→ **EXERCISE AIM**
Verbatim output, no pictures: the lines from the beginning of the material through the line with "6. Lauchzwiebeln schneiden", both ends kept.

→ **INFORMATION SHOWN**

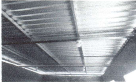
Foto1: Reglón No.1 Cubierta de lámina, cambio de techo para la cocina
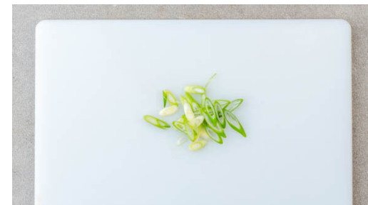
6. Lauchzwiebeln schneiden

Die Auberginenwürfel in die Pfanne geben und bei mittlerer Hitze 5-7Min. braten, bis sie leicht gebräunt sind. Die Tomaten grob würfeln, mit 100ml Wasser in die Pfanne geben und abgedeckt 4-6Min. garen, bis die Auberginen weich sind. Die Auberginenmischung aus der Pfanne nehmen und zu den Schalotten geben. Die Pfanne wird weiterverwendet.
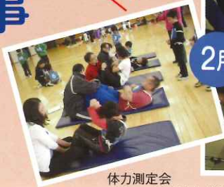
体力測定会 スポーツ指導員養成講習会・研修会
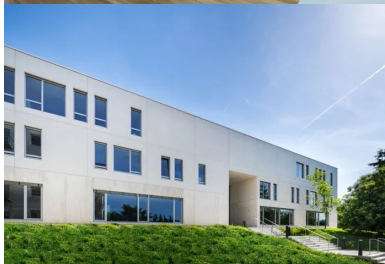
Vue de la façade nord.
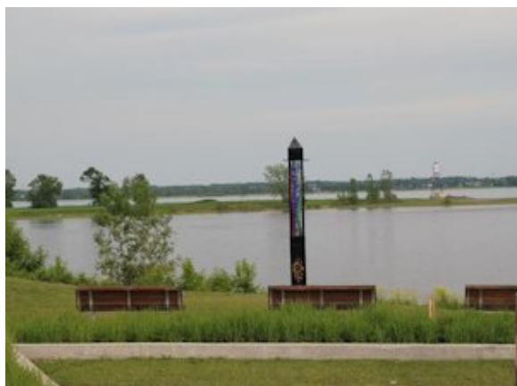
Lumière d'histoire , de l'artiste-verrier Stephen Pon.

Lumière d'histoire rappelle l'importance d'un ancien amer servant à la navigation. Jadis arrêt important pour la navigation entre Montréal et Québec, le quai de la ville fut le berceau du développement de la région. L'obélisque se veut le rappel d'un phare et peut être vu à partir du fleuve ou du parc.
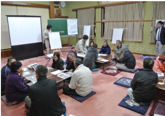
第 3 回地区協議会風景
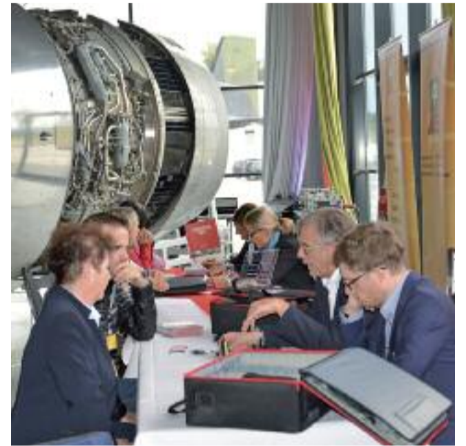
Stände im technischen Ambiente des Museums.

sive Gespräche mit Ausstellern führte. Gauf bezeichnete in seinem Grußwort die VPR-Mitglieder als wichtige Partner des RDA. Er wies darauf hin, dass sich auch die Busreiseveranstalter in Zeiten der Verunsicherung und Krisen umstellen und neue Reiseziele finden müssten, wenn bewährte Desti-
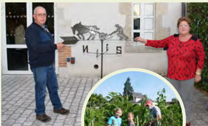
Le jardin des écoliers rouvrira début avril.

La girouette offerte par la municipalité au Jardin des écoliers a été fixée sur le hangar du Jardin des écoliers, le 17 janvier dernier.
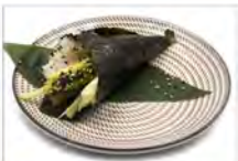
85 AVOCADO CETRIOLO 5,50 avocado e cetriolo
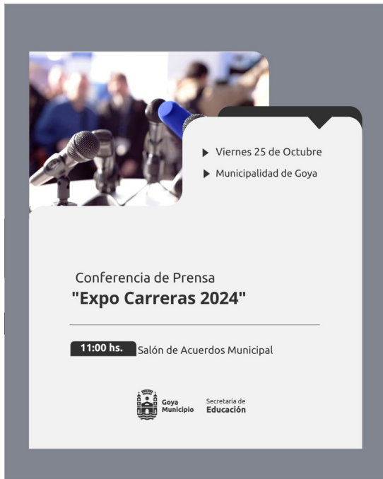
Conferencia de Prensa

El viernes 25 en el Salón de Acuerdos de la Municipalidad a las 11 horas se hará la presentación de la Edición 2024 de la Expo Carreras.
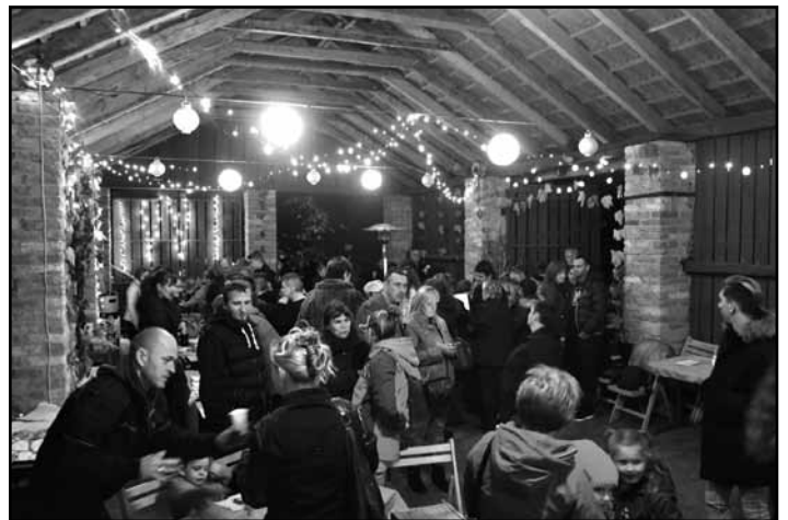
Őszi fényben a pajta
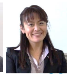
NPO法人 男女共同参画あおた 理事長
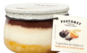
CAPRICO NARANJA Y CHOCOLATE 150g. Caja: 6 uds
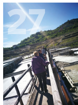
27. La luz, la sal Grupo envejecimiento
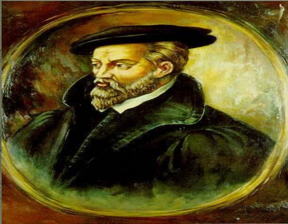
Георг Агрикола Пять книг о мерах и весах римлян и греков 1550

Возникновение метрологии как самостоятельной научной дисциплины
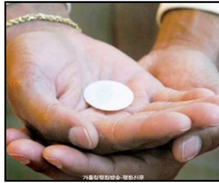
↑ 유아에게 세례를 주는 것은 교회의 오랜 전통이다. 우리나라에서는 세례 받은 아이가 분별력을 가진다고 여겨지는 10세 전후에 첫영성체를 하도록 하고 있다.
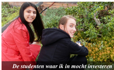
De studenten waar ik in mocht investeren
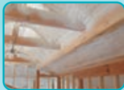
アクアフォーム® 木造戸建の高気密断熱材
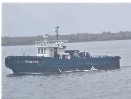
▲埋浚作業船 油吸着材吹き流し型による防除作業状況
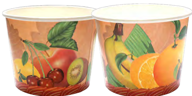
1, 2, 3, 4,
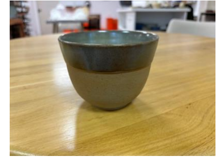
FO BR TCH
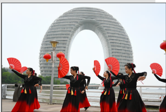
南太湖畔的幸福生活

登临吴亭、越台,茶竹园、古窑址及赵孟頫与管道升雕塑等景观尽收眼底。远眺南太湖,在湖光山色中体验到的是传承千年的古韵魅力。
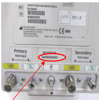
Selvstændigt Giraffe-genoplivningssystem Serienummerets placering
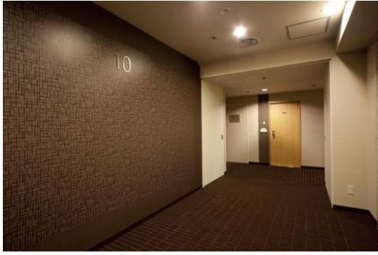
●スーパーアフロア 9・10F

→ **OUTPUT OF THE EXERCISE**
Foto1: Reglón No.1 Cubierta de lámina, cambio de techo para la cocina
6. Lauchzwiebeln schneiden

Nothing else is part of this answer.